Any failure removes the staging dir. Post-rename failures remove the
final dir and roll back the store write.
## Guest-side boot sequence
On the first boot of a pulled image, systemd starts three banger
units in order:
1. **`banger-network.service`** — runs the bootstrap script that
parses `/etc/banger-network.conf` (written by banger's VM-create
lifecycle) and brings the guest interface up with the assigned IP.
2. **`banger-first-boot.service`** (only on first boot; removes its
own trigger file on success) — reads `/etc/os-release`, dispatches
to the native package manager, installs `openssh-server`, enables
`ssh.service` / `sshd.service`.
3. **`banger-vsock-agent.service`** — runs the health-check daemon
banger uses to confirm the VM is alive.
After first boot completes, subsequent boots skip the install step
entirely. Banger's host-side SSH polling (`guest.WaitForSSH`)
naturally retries until sshd is listening.
## Adding distro support
`internal/imagepull/assets/first-boot.sh` is the POSIX-sh dispatch.
Add a new `ID=` branch and its install command to the `case` block,
then rebuild banger — the asset is `go:embed`-ed into the binary.
Supported `ID` values today: `debian`, `ubuntu`, `kali`, `raspbian`,
`linuxmint`, `pop`, `alpine`, `fedora`, `rhel`, `centos`, `rocky`,
`almalinux`, `arch`, `archlinux`, `manjaro`, `opensuse*`, `suse`.

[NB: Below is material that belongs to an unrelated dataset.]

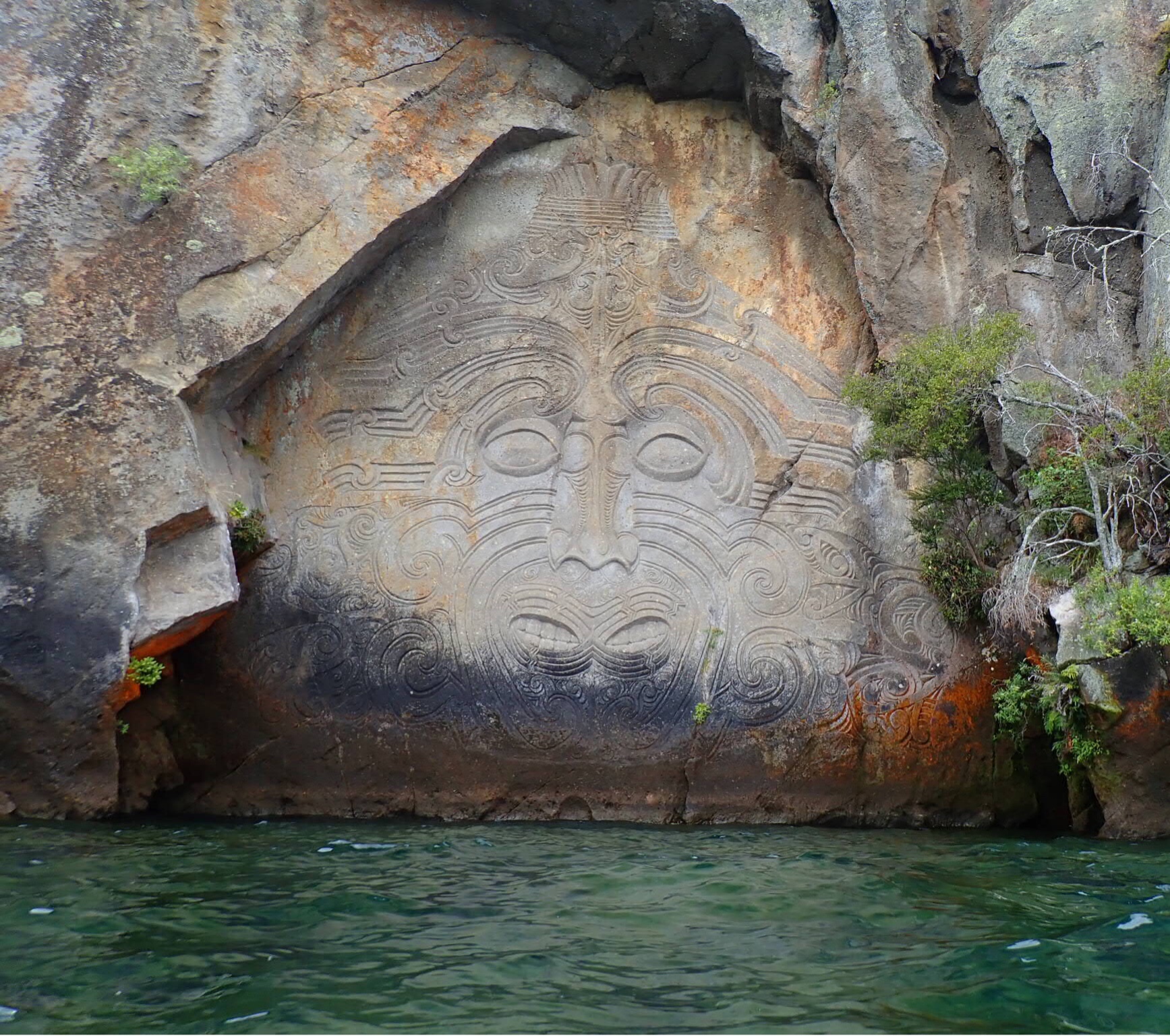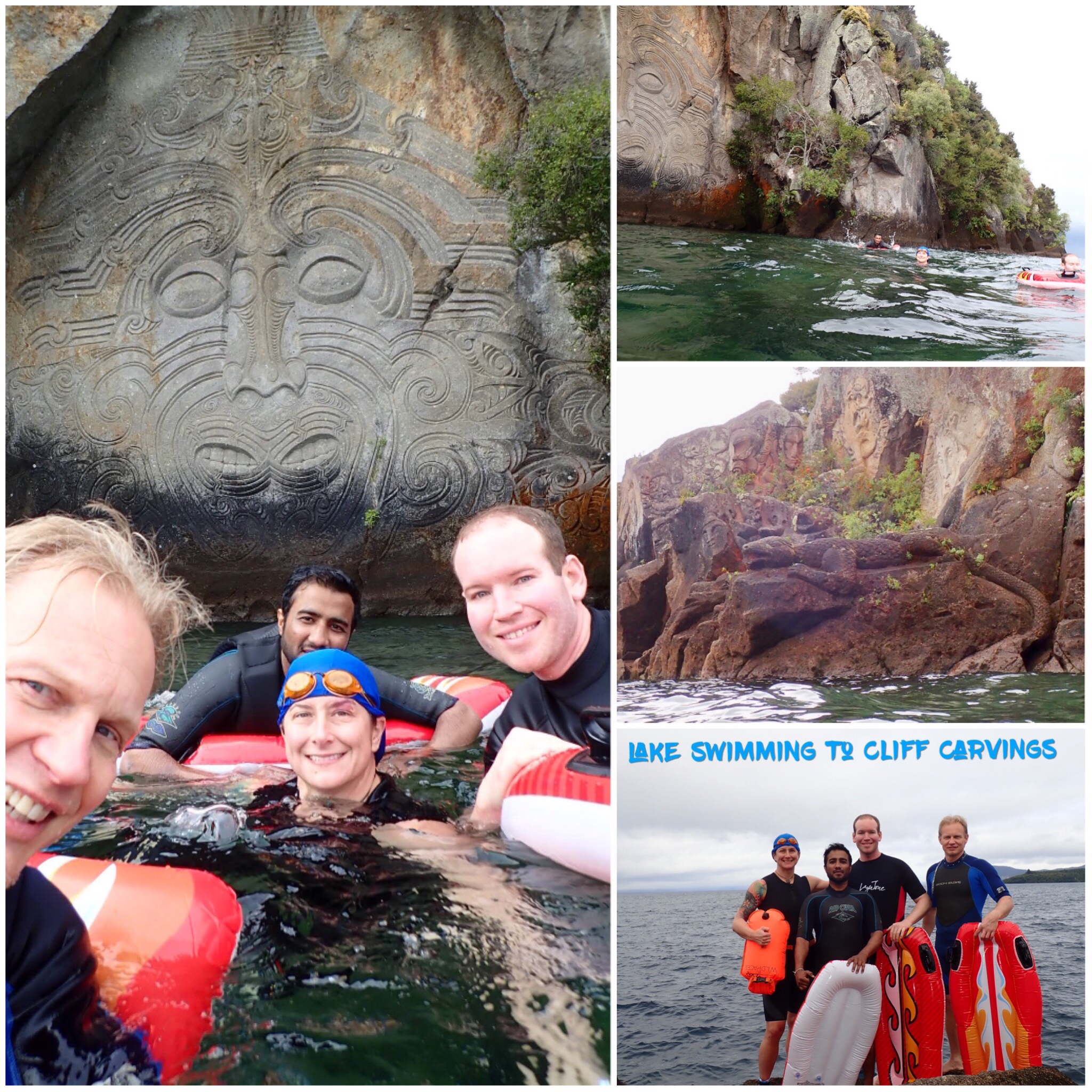 We drove for about 1 1/2 hrs to get to our first adventure of the day, swimming out in Lake Taupo to see the cliff carvings. This was one of those things that you don’t really do but can be done, with enough planning and Steve’s prowess with maps! We donned our shorties, inflated our floaties, and hit the water! We ended up only having to swim about 1/2 km one way and the water wasn’t too cold at all! The waves were minimal and we were able to avoid the large boats taking tourists out to view the carvings.

Unknown distros fall back to `ID_LIKE`, then error clearly with a
pointer to edit the script.
## Paths
| What | Where | Purpose |
|------|-------|---------|
| Layer blob cache | `~/.cache/banger/oci/blobs/sha256/<hex>` | Re-pulls of the same image digest are local-only |
| Staging dir | `~/.local/state/banger/images/<id>.staging/` | Short-lived; atomic-renamed to `<id>/` on success |
| Staging rootfs tree | `$TMPDIR/banger-pull-<rand>/` | Extraction scratch space; removed after ext4 build |
| Published image | `~/.local/state/banger/images/<id>/rootfs.ext4` | Managed artifact stored alongside the kernel triple |
## Composition with `image build`
A pulled image boots as-is — ownership is correct, sshd installs on
first boot, banger's agents are in place. That means the existing
`image build --from-image` pipeline composes on top:
```bash
banger image build --from-image debian-bookworm --name debian-dev --docker
```
`image build` spins up a transient VM using the base image, runs
`scripts/customize.sh` over it, and saves the result as a new managed
image with the opinionated tooling (mise, opencode, claude, pi, tmux
plugins, optionally docker) layered on top.
## Tech debt
- **Auth**. When we add private-registry support, the natural path is
`authn.DefaultKeychain` from `go-containerregistry`, which already
honours `~/.docker/config.json` and the standard credential
helpers. No banger-specific config needed.
- **Cache eviction**. Layer blobs under `OCICacheDir` accumulate
forever. A `banger image cache prune` command is a cheap follow-up
when disk usage becomes a complaint.
- **First-boot timeout UX**. If you run `banger vm ssh` immediately
after `banger vm create`, the package install for `openssh-server`
may still be running and SSH will fail. Current mitigation: retry.
Better: a per-image `FirstBootPending` flag that tells the daemon
to extend its SSH wait timeout for the first boot, cleared on
success. Tracked but not implemented.
- **Non-systemd distros**. The guest agents assume systemd. Adding
openrc / s6 / busybox-init variants means keeping parallel unit
trees in `inject.go` keyed on `/etc/os-release`. Only pick up
when a user actually wants it.
## Trust model
`image pull` delegates trust to the OCI registry the user selected.
`go-containerregistry` verifies layer digests against the manifest
during download, so a tampered mirror can't ship modified layers
without breaking the sha256 chain. Beyond that, banger does not
verify OCI image signatures (cosign/sigstore) — users who care should
verify their references out-of-band.